His misconstrued thoughts

make much sense.

His words make no sense at all.

He becomes a dried flower,

pressed between my yearbook pages.

Conversation

A blank sheet is placed in front of me. I stare at it.

Somewhere through the fog of exhaustion I hear a voice say over the sound system, “Here’s a blank sheet of paper. Write yourself a letter. Write about your summer: what you learned or maybe a favorite memory. Fold the letter and put it in an envelope addressed to you, but don’t seal it. We will put a group picture in the envelope with the letter and send it to you later in the year.”

There is a rustling all around me. The others sit hunched over the festively decorated tables and begin writing.

My hand reverently traces the edges of the blank sheet of paper.

Paper.

Blank paper. Not photocopied pieces of paper filled with lists of names of campers, counselors, and cabins. Not crumpled pieces of paper covered with scrawl reminding me to order ice-cream for the snack shop. It’s a piece of paper as empty as my gaze, and as fresh as I was at the beginning of the summer. I tentatively pick up the pen emblazoned with the camp logo. It has been so long since I was allowed the time to fill a piece of paper with myself. I’ve forgotten how. If I had the energy, I would cry. Cry for myself. Cry for the words which used to come so easily and are now so elusive. Cry for the despair I feel because I have to be here when I don’t want to be. But I’m too tired to cry or feel sad, so I let the pen’s point rest at the top of the glaring white sheet.

There was the voice. Not the one over the sound system, but the one inside me. Hello? She says, Hello? Can you hear me?

“Time’s up, guys. Finish your letters and meanwhile, I’ll open the floor for any of you that would like to publicly thank another staff member.” So loud. The voice over the loudspeaker is so loud and the shadowy voice in my head disappears.

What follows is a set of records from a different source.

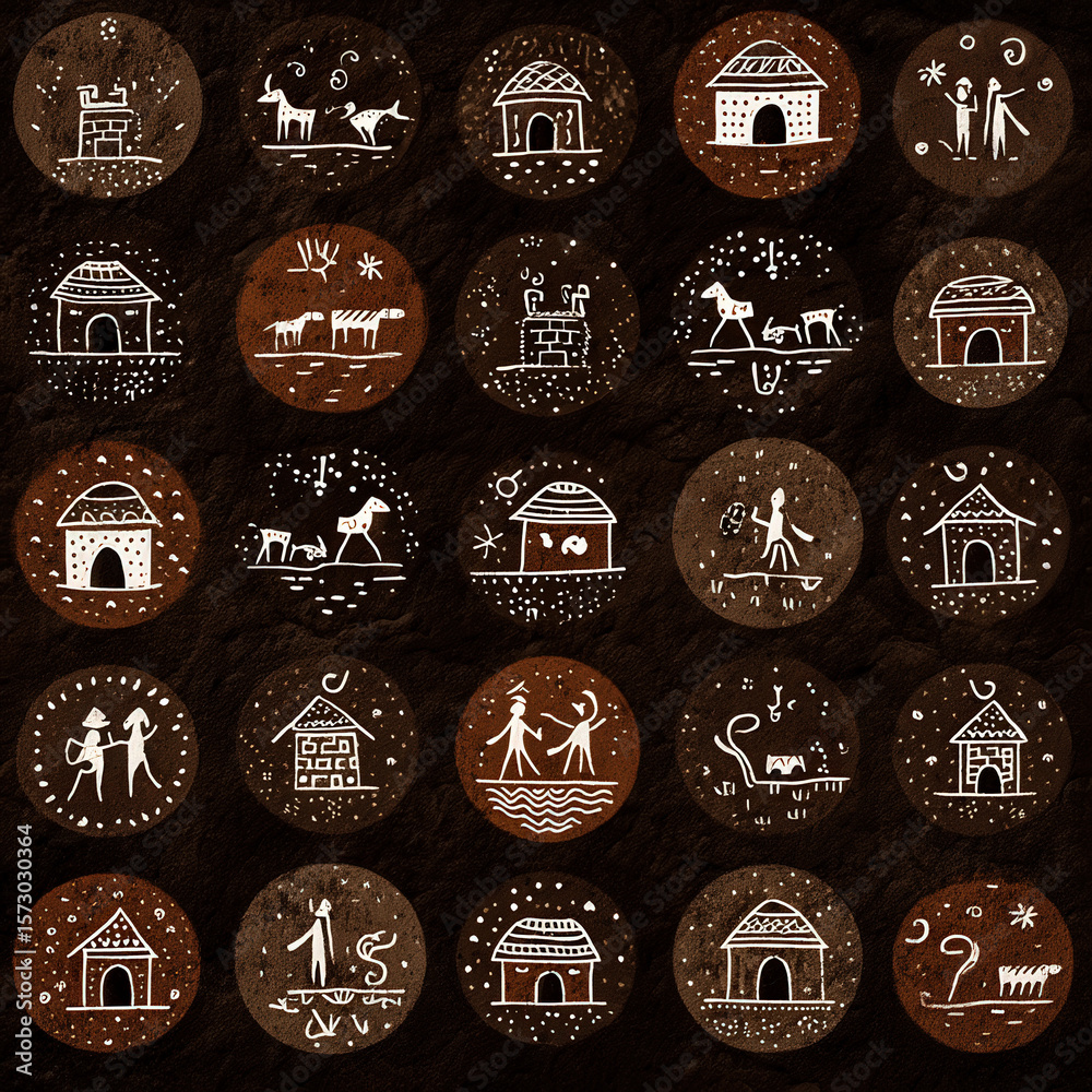 Seamless Warli Pattern Featuring Humans, Huts, and Animals in Artistic Motifs #1573030364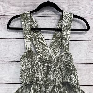 Anthropologie Square Neck Smocked Cut Out Mini Dress Animal Print Green Large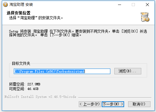 選擇“淘寶助理”的安裝文件夾。Setup將安裝淘寶助理在下列這件來(lái)。要安裝到不同文件夾,單擊C瀏覽(B)] 并選擇其他的受奔夾。單擊下一步(N)]維續(xù)。

“I think Jessie deserves a big round of applause.” My name. Why was someone saying my name? Who is that behind the microphone now? I can’t remember her name. I’ve spent the last seven weeks with her, seeing her every day, but I am too tired to remember her name. “Whenever I turned around, Jessie was running somewhere; running to the office, to organize the campers’ activities, running to the snack shop to dip ice-cream, running to a counselor to encourage her. She made her job look so easy, didn’t she?” People clap. They clap for me, but actually, not for me. They applaud a person that is a façade; that gives them what they want to see. I smile mechanically and the person behind the microphone continues, “I’ve spent a few summers here and I’ve seen Jessie go from kitchen worker to program coordinator. She’s great at every job she does, and is such a support to all of us.” More clapping for someone they think I am.

If I had the energy, I would laugh. Laugh at the irony. Laugh at them because they think I enjoyed the summer. Laugh at the way everyone thinks I am just like them. But I am too tired to laugh, so I let my hand fall numbly onto the tabletop. The pen rolls from my fingers.

Hello? Hello, are you there? The tremulous voice again. Without thinking, I grab the pen as it rolls along the table.

Yeah, what do you want? I write.

The buried voice surfaces again and I transcribe the words she whispers. Nothing much. I guess I just want to know what you’ve been up to…

Like you care. Why should you care?

I care about how your summer went. I want to know what you learned. The kind of growth you had, the kind of discoveries you made…

None. It was a boring summer. I hated every moment of it and I wanted nothing more that to leave. I want to leave NOW, OK?!

No, wait, please don’t go. I know you must have learned something…

NOTHING!

…All right then, what was one of your highlights?

I don’t have one. I don’t even remember anything.

Nothing?

No, I can’t remember anything. I remember a few things…

Like what?

…Like things I was involved in. But I don’t know why I was involved or what my motivation was.

So, what things do you remember?

It doesn’t matter.

It does.

No, it doesn’t.

Why not?

Because I don’t care. 

You don’t?

No!

Are you angry?

Are you angry?

I… What’s it to you?

Are you angry?

Y…yes.

Why?

IT DOESN’T MATTER!

Yes, it does. Why are you angry?

Because I am, OK?

Are you hurt?

Would you stop asking these questions?

Are you hurt?

Yes!

Are you confused?

Yes!

I don’t want to talk about his anymore.

I know you don’t.

Then why are you making me?

I’m not making you. You spoke of your own will. You know you need to talk.

I hate you.

No, you don’t. You hate yourself for not doing the right thing.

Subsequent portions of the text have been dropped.